Among the three models, RF performed slightly better on the test dataset compared to the two neural network models but exhibited greater uncertainty on the validation set. The precision of all three models in identifying sandstone ranged from 60% to 80% or higher, but the recall was relatively low at between 50% and 70%. When sandstone was misclassified, it was usually identified as limestone.
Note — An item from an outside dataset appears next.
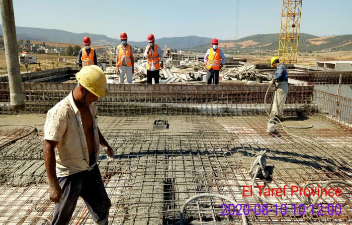 El Tarf, Algeria, August 10,,,,,2020 / At noon on August 10, the main structures of the 1,000-unit housing project in Algeria`s El Tarf province, contracted by ACEG Algerian Branch, was successfully completed as the last barrel of concrete was poured in place.

This is primarily because sandstone and limestone share similar logging characteristics—high resistivity, low gamma intensity, and high density, although the limestones have relatively higher resistivity and density than sandstone. The CNN and ResNet demonstrated a low precision in identifying limestone but a high recall. This is due to the similar logging curve characteristics between limestone and sandstone, and the insufficient representation of limestone samples, which constitute less than 10% of the total training samples, leading to the inadequate recognition of limestone features.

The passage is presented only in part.